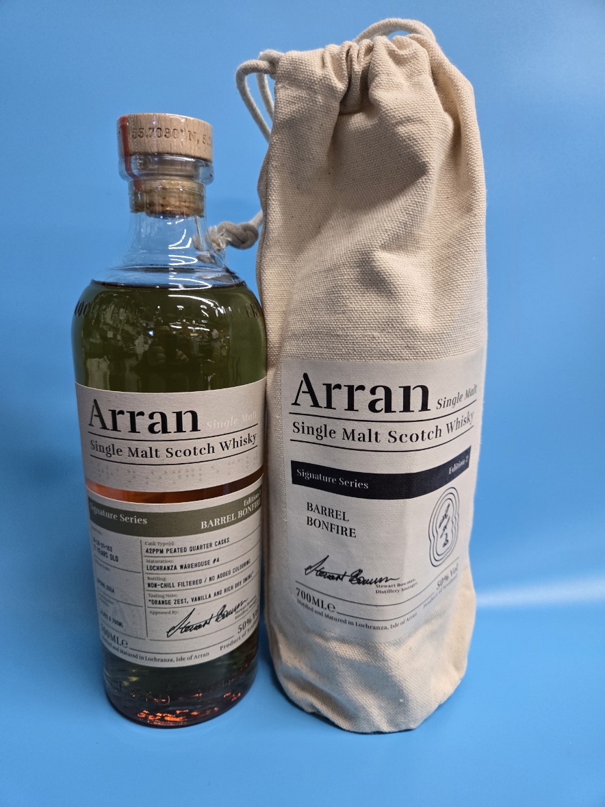 アラン 11年 バレル ボンファイア 700ml 50度 シグネチャーシリーズ エディション2 並行 18900円 (税込) 14,822本限定 シグネチャーシリーズは4部作の限定シリーズ第2弾。すべてのエディションはディスティラリーマネージャーのスチュアート・ボウマンが原酒を厳選し、ラベルには彼の承認印である署名が記されています。第2弾のバレル ボンファイアはBonfire(=たき火)の名前から推測できるように、ピートを追求したものになっており、フェノール値42ppmのピーテッド麦芽を使用したリッチでドライなスモークの香りが特徴です。バーボン樽で5年半熟成後シカゴコ―ヴァル蒸留所の115リットルサイズのクォーターカスクで5年半追熟香り:キャラメルでコーティングされたヘーゼルナッツ。オレンジの皮と豊富なバニラ。濃厚なドライスモーク。味わい:豊かで滑らか。食欲をそそる、油性で複雑。スパイシーなシナモンノートが柑橘類と混ざり合うフィニッシュ:スパイス、シトラス、スモーク、ピート、バニラ、シナモン、スムース、トーストオーク
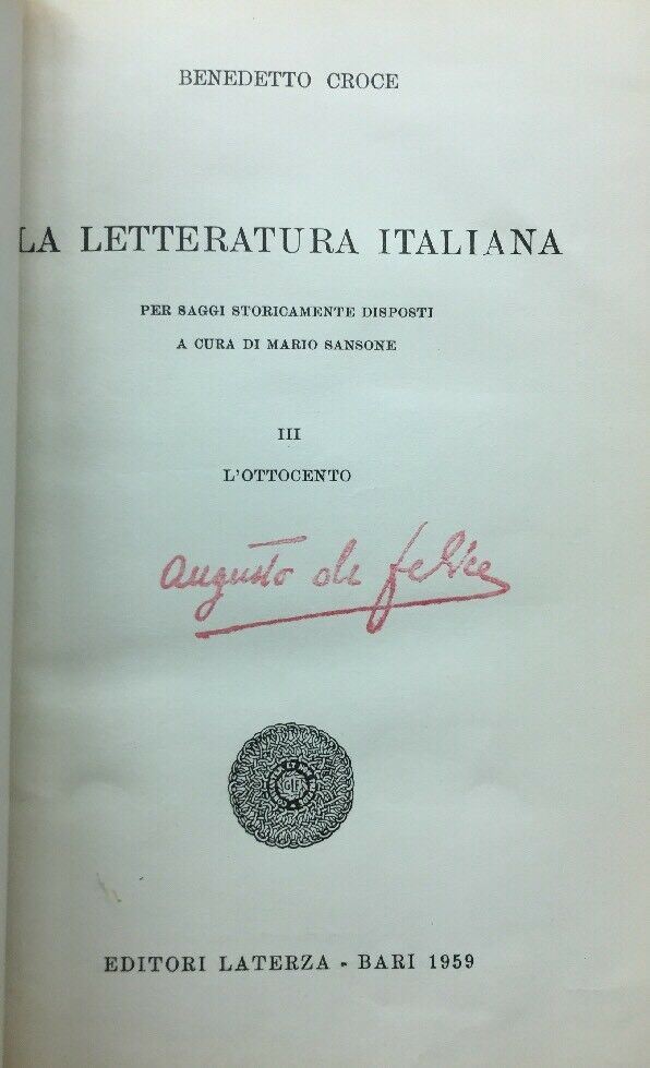 BENEDETTO CROCE LA LETTERATURA ITALIANA VOL. III L’OTTOCENTO LATERZA EDITORE 1959 METODI DI PAGAMENTO PayPal Bonifico TEMPI DI SPEDIZIONE La spedizione parte entro 24 ore dall'accredito del pagamento TEMPI DI CONSEGNA I tempi di consegna dipendono dalle Poste Italiane e i venditori non ne hanno alcun controllo infatti la valutazione dettagliata richiesta da ebay si riferisce ai tempi di SPEDIZIONE e non di CONSEGNA FEEDBACK E VALUTAZIONI Anche la valutazione dettagliata (quella da 1 a 5 stelline) è molto importante. Secondo gli standard di ebay ricevere una valutazione da 1 a 4 stelline significa ricevere una valutazione Negativa. Vi chiediamo pertanto se siete stati soddisfatti del nostro servizio di rilasciare una valutazione dettagliata di 5 stelline in tutti e quattro i campi richiesti FOREIGN BUYERS ASK FOR SHIPPING COSTS PER PIU' OGGETTI ACQUISTATI SPEDIZIONE UNICA QUINDI LE SPESE NON AUMENTANO !!! Prima di effettuare il pagamento attendere la mail con l'importo complessivo - RACCOMANDATA 5€ (Consigliata !!!) Questa spedizione è sicura al 100% si riceve in 3gg/5gg - PACCO ORDINARIO=POSTA ORDINARIA "piego libri" 2 00€ (Senza ricevuta) Se scegliete questa spedizione impiega 10gg/15gg senza ricevuta non ci riteniamo responsabili per eventuali smarrimenti ACQUISTA x 100 00€ LE SPESE DI SPEDIZIONE SARANNO GRATIS !!! - Collezione: Libri e Riviste - Tags : "Saggistica"
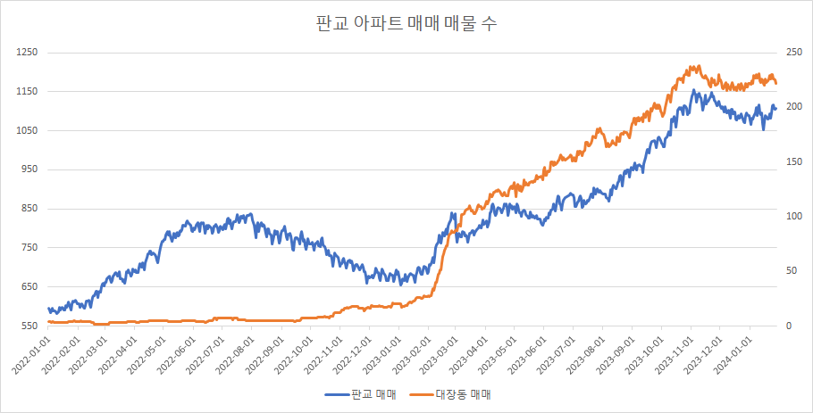 대장동 아파트 매매 매물 수는 주 단위로 증가와 감소를 반복하고 있는데, 이번 주에는 감소했습니다.
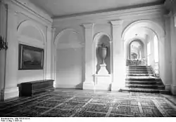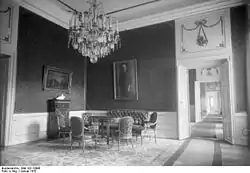 Among the residents of the first group are the respective holders of the office of the Reich President. In addition to the Reich President Ebert and von Hindenburg, the head of the head of state's office, State Secretary Otto Meissner, was constantly at home in the palace from 1920 to 1939. There were also the families of these three men. During Ebert's presidency, his wife and two sons lived in the palace, while Hindenburg brought his son Oskar and his daughter-in-law Margarete and the couple's three children, of whom the youngest was born in the palace with. Meissner's household consisted of his wife and two children, including the son Hans-Otto Meissner. Other people who not only worked in the palace, but also had their own apartments there, were the house inspector (chief of domestic staff) Wilhelm Tappe, Hindenburg's personal servant Oskar Putz (called "Karl" um) To avoid confusion with the son of the same name of the head of state) and the presidential chauffeur Otto Demant and the chauffeur of the president's office Kurt Nehls. [7]

Action item ▸ An exact copy of the listing is required, excluding any pictures.

Solution below ▸
 アラン 11年 バレル ボンファイア 700ml 50度 シグネチャーシリーズ エディション2 並行 18900円 (税込) 14,822本限定 シグネチャーシリーズは4部作の限定シリーズ第2弾。すべてのエディションはディスティラリーマネージャーのスチュアート・ボウマンが原酒を厳選し、ラベルには彼の承認印である署名が記されています。第2弾のバレル ボンファイアはBonfire(=たき火)の名前から推測できるように、ピートを追求したものになっており、フェノール値42ppmのピーテッド麦芽を使用したリッチでドライなスモークの香りが特徴です。バーボン樽で5年半熟成後シカゴコ―ヴァル蒸留所の115リットルサイズのクォーターカスクで5年半追熟香り:キャラメルでコーティングされたヘーゼルナッツ。オレンジの皮と豊富なバニラ。濃厚なドライスモーク。味わい:豊かで滑らか。食欲をそそる、油性で複雑。スパイシーなシナモンノートが柑橘類と混ざり合うフィニッシュ:スパイス、シトラス、スモーク、ピート、バニラ、シナモン、スムース、トーストオーク
 BENEDETTO CROCE LA LETTERATURA ITALIANA VOL. III L’OTTOCENTO LATERZA EDITORE 1959 METODI DI PAGAMENTO PayPal Bonifico TEMPI DI SPEDIZIONE La spedizione parte entro 24 ore dall'accredito del pagamento TEMPI DI CONSEGNA I tempi di consegna dipendono dalle Poste Italiane e i venditori non ne hanno alcun controllo infatti la valutazione dettagliata richiesta da ebay si riferisce ai tempi di SPEDIZIONE e non di CONSEGNA FEEDBACK E VALUTAZIONI Anche la valutazione dettagliata (quella da 1 a 5 stelline) è molto importante. Secondo gli standard di ebay ricevere una valutazione da 1 a 4 stelline significa ricevere una valutazione Negativa. Vi chiediamo pertanto se siete stati soddisfatti del nostro servizio di rilasciare una valutazione dettagliata di 5 stelline in tutti e quattro i campi richiesti FOREIGN BUYERS ASK FOR SHIPPING COSTS PER PIU' OGGETTI ACQUISTATI SPEDIZIONE UNICA QUINDI LE SPESE NON AUMENTANO !!! Prima di effettuare il pagamento attendere la mail con l'importo complessivo - RACCOMANDATA 5€ (Consigliata !!!) Questa spedizione è sicura al 100% si riceve in 3gg/5gg - PACCO ORDINARIO=POSTA ORDINARIA "piego libri" 2 00€ (Senza ricevuta) Se scegliete questa spedizione impiega 10gg/15gg senza ricevuta non ci riteniamo responsabili per eventuali smarrimenti ACQUISTA x 100 00€ LE SPESE DI SPEDIZIONE SARANNO GRATIS !!! - Collezione: Libri e Riviste - Tags : "Saggistica"
 대장동 아파트 매매 매물 수는 주 단위로 증가와 감소를 반복하고 있는데, 이번 주에는 감소했습니다.
 Among the residents of the first group are the respective holders of the office of the Reich President. In addition to the Reich President Ebert and von Hindenburg, the head of the head of state's office, State Secretary Otto Meissner, was constantly at home in the palace from 1920 to 1939. There were also the families of these three men. During Ebert's presidency, his wife and two sons lived in the palace, while Hindenburg brought his son Oskar and his daughter-in-law Margarete and the couple's three children, of whom the youngest was born in the palace with. Meissner's household consisted of his wife and two children, including the son Hans-Otto Meissner. Other people who not only worked in the palace, but also had their own apartments there, were the house inspector (chief of domestic staff) Wilhelm Tappe, Hindenburg's personal servant Oskar Putz (called "Karl" um) To avoid confusion with the son of the same name of the head of state) and the presidential chauffeur Otto Demant and the chauffeur of the president's office Kurt Nehls. [7]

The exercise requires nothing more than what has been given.